Nicht ausschlaggebend sind auch die - streitigen - Verantwortungsbeiträge zu den in der Vergangenheit erfolgten Auseinandersetzungen zwischen den Beteiligten. Umstände, die zum Scheitern der Ehe geführt haben, spielen grundsätzlich keine Rolle (MüKoBGB/Wellenhofer, a. a. O., § 1568a BGB Rn. 20). Im Hinblick auf die Frage, welcher der geschiedenen Ehegatten in stärkerem Maß auf die Wohnung angewiesen ist, ist es auch irrelevant, wem welches Fehlverhalten gegen den anderen vorgeworfen werden kann. Etwas anderes kann nur gelten, wenn einem Ehegatten ein schwerwiegendes, klar bei dem anderen Ehegatten liegendes Fehlverhalten vorzuwerfen ist (vgl. hierzu KG BeckRS 9998, 8472). Der Antragsgegner hat indes ein entsprechendes Fehlverhalten der Antragstellerin nicht dargelegt.

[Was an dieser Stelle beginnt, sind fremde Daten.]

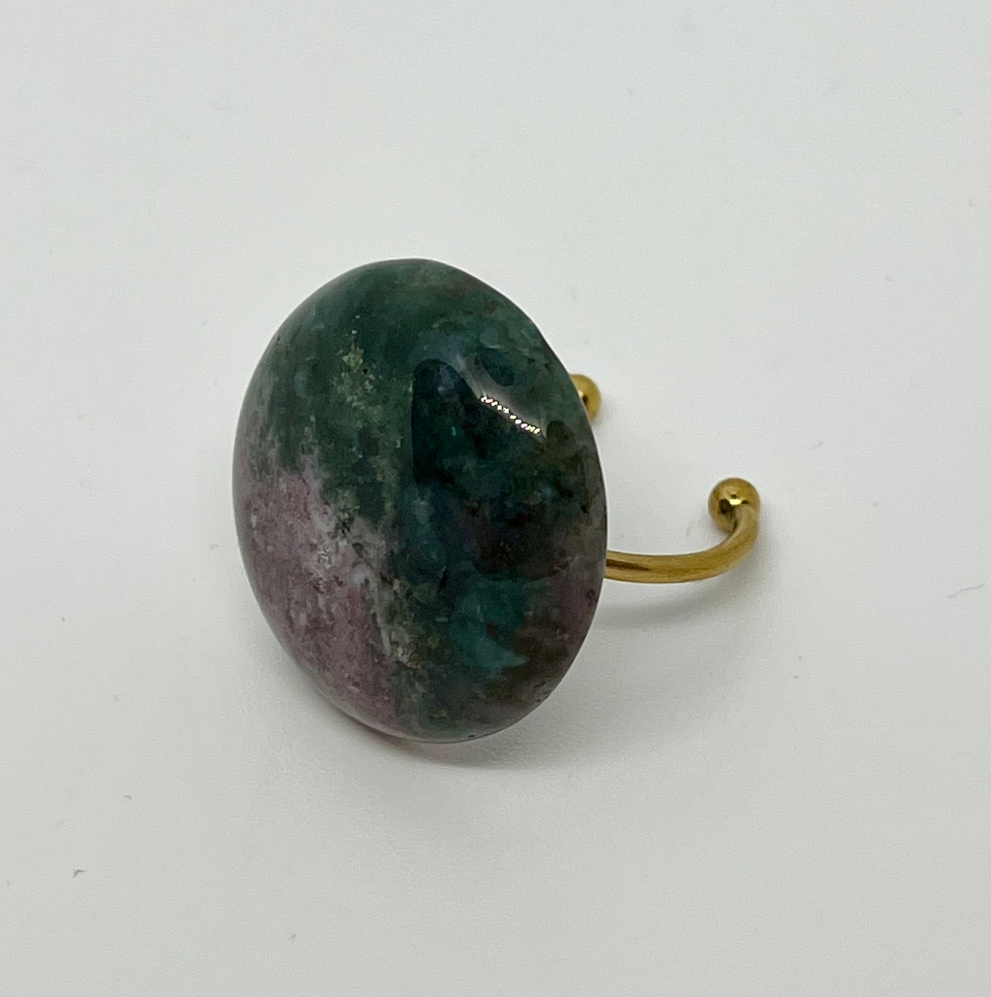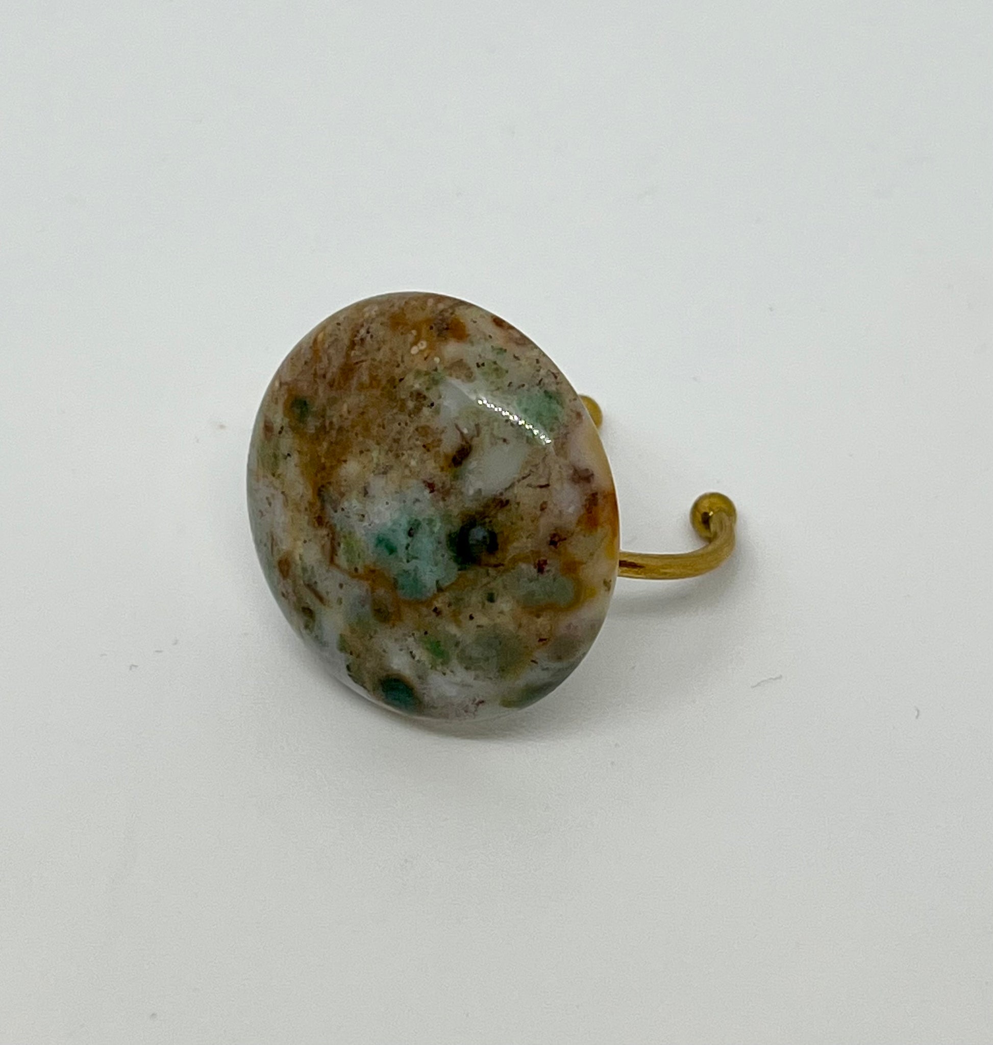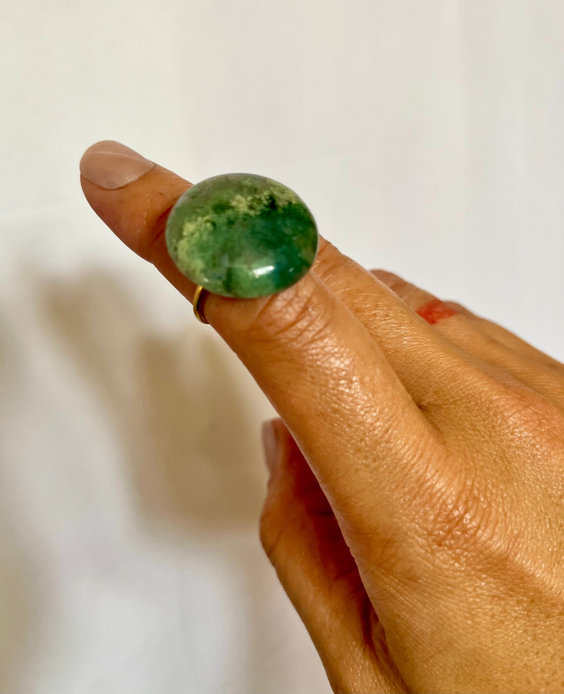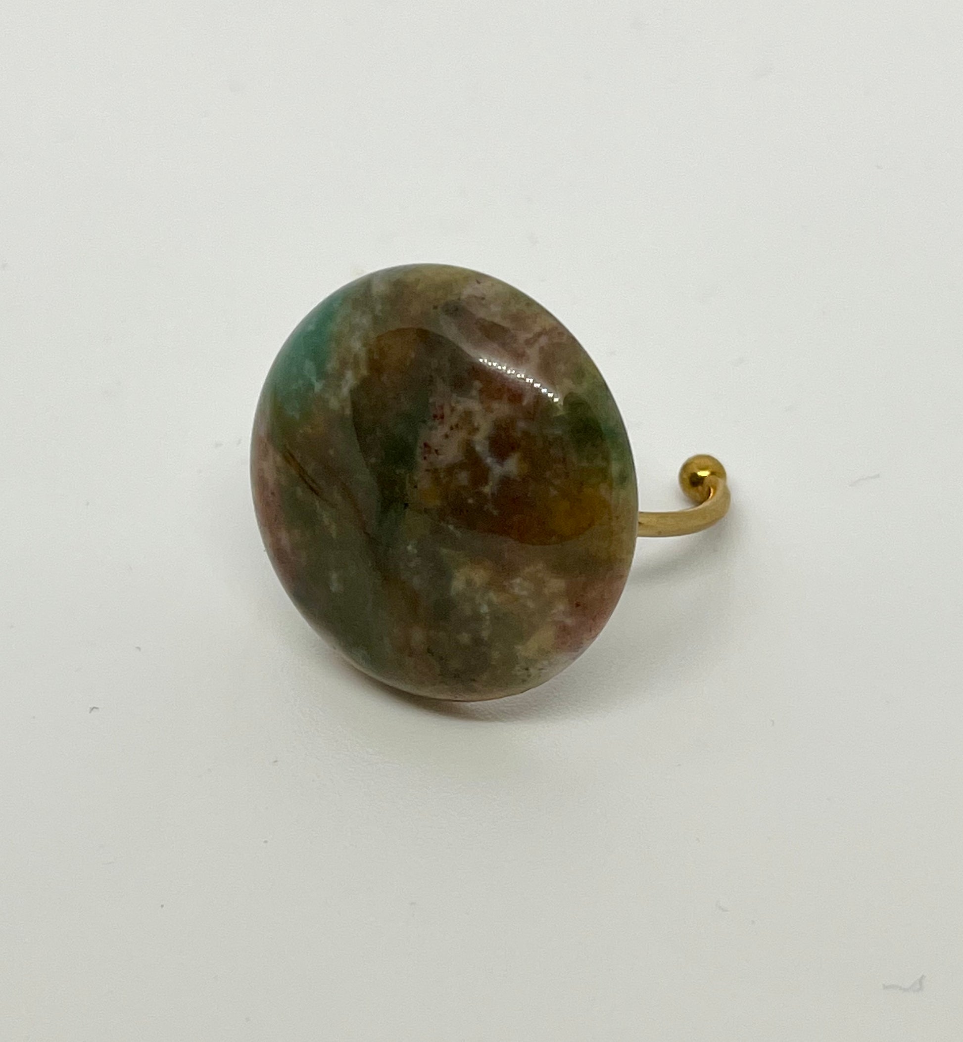 • 20mm hand crafted African Jade disk, set on 18k gold plated adjustable ring base.

Auch auf die Frage, ob die Antragstellerin in der Vergangenheit umziehen oder den Mietvertrag kündigen wollte, kommt es nicht an. Maßgebend sind die Verhältnisse im Zeitpunkt der Beschlussfassung (MüKoBGB/Wellenhofer, a. a. O., § 1568a BGB Rn. 17), die dadurch gekennzeichnet sind, dass beide Beteiligten die Wohnung behalten möchten.
2. Die Einräumung der Räumungsfrist beruht auf § 209 Abs. 1 FamFG. Eine Räumungsverpflichtung ohne Frist erscheint unbillig. Zwar weiß der Antragsgegner seit Erlass der angefochtenen Entscheidung um die Möglichkeit der Zuweisung an die Antragstellerin und hatte Gelegenheit, sich um eine andere Wohnung zu bemühen, jedoch ist noch seinem Vortrag vom 10. November 2021 (Bl. 148) zu entnehmen, dass er bislang keine neue Wohnung angemietet hat. Die Räumungsfrist erscheint danach erforderlich, aber auch ausreichend, um den wechselseitigen Interessen der Beteiligten Rechnung zu tragen.
3. Die Kostenentscheidung beruht auf § 84 FamFG, die Entscheidung zum Verfahrenswert folgt aus §§ 55 Abs. 2, 48 Abs. 1 FamGKG.
Gründe für die Zulassung der Rechtsbeschwerde liegen nicht vor, § 70 Abs. 2 FamFG.